EXERCISE INSTRUCTIONS:
In the entries below, which lines run from the one with "Vaso in vetro" through the one with "4. 와인 랭킹 : 세계랭킹 2% , Valpolicella Ripasso 6%"? Repeat exactly those, both included, and no pictures.

[[ RECORD SET, beginning ]]

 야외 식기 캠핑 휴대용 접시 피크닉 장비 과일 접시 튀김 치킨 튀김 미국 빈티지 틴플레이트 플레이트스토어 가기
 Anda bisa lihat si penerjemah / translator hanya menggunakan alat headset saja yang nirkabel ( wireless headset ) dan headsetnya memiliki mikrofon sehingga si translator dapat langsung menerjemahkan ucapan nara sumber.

[[ RECORD SET, end ]]
[[ RECORD SET, beginning ]]

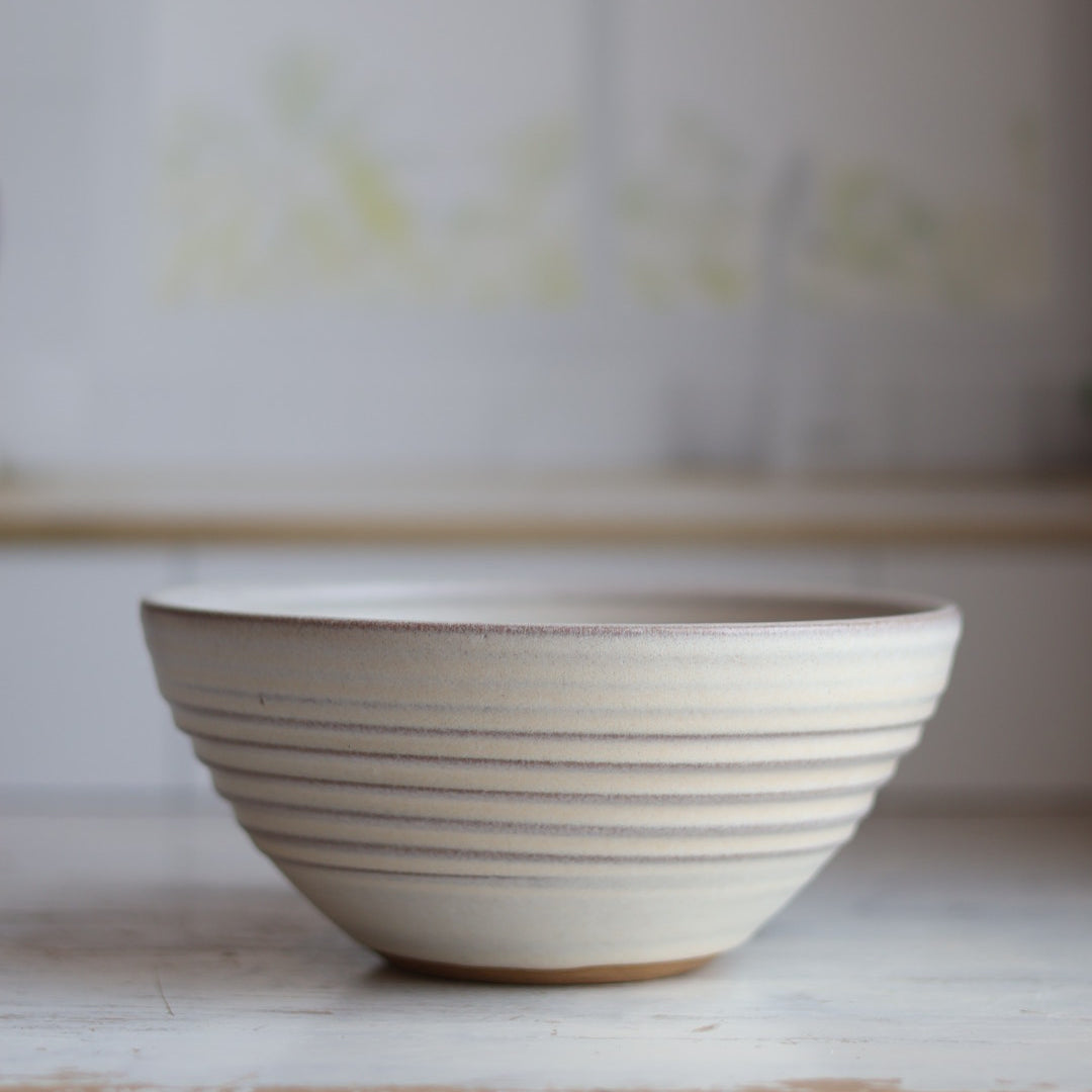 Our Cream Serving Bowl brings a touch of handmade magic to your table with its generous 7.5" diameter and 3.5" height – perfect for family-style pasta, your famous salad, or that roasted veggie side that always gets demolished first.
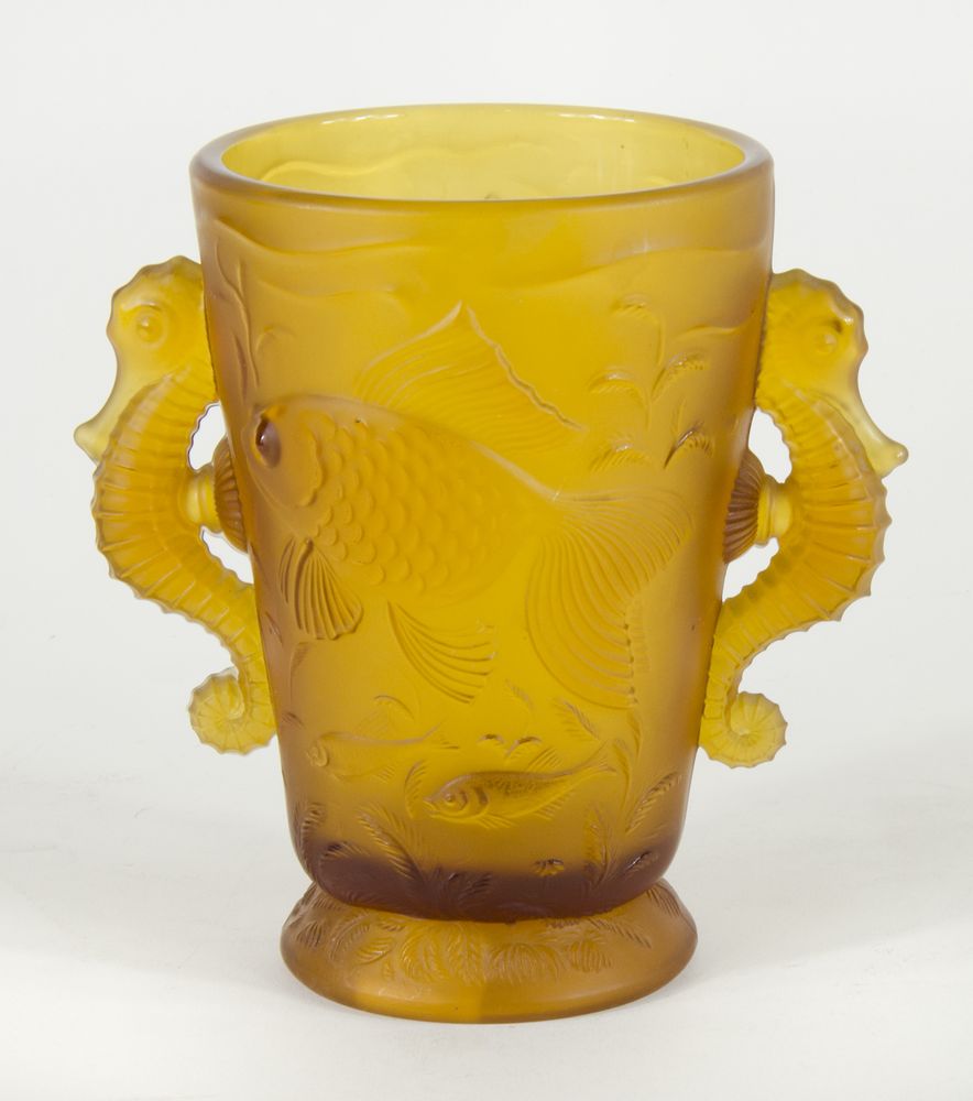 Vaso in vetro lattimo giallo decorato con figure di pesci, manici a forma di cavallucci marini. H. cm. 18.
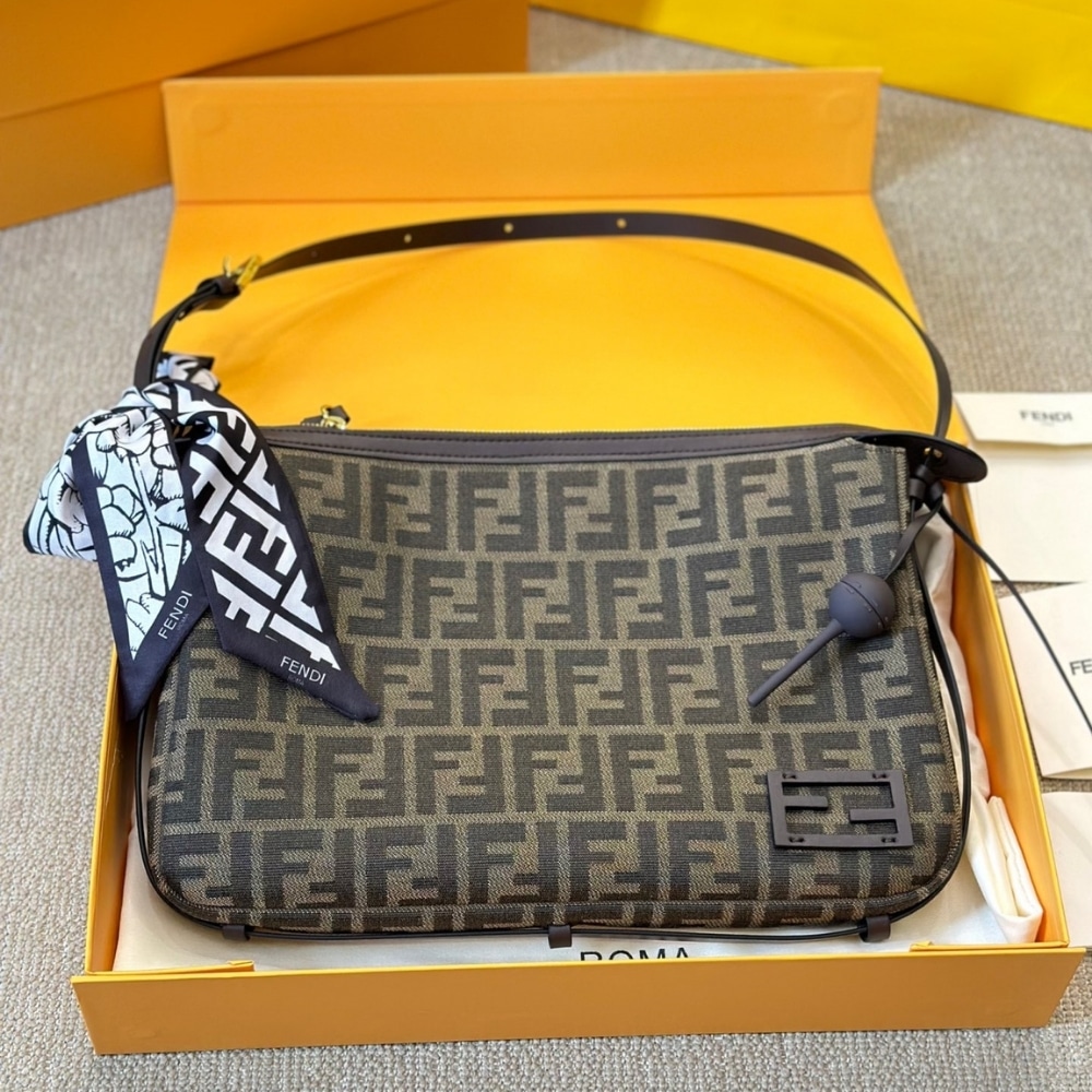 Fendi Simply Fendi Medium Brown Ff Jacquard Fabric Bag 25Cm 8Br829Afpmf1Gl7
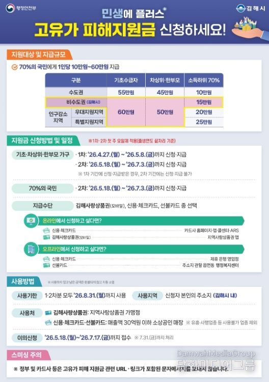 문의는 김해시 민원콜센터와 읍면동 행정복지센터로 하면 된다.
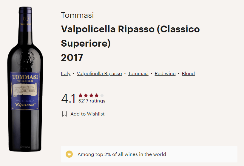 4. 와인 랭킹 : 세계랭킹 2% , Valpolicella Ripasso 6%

[[ RECORD SET, end ]]

RESULT:
 Vaso in vetro lattimo giallo decorato con figure di pesci, manici a forma di cavallucci marini. H. cm. 18.
 Fendi Simply Fendi Medium Brown Ff Jacquard Fabric Bag 25Cm 8Br829Afpmf1Gl7
 문의는 김해시 민원콜센터와 읍면동 행정복지센터로 하면 된다.
 4. 와인 랭킹 : 세계랭킹 2% , Valpolicella Ripasso 6%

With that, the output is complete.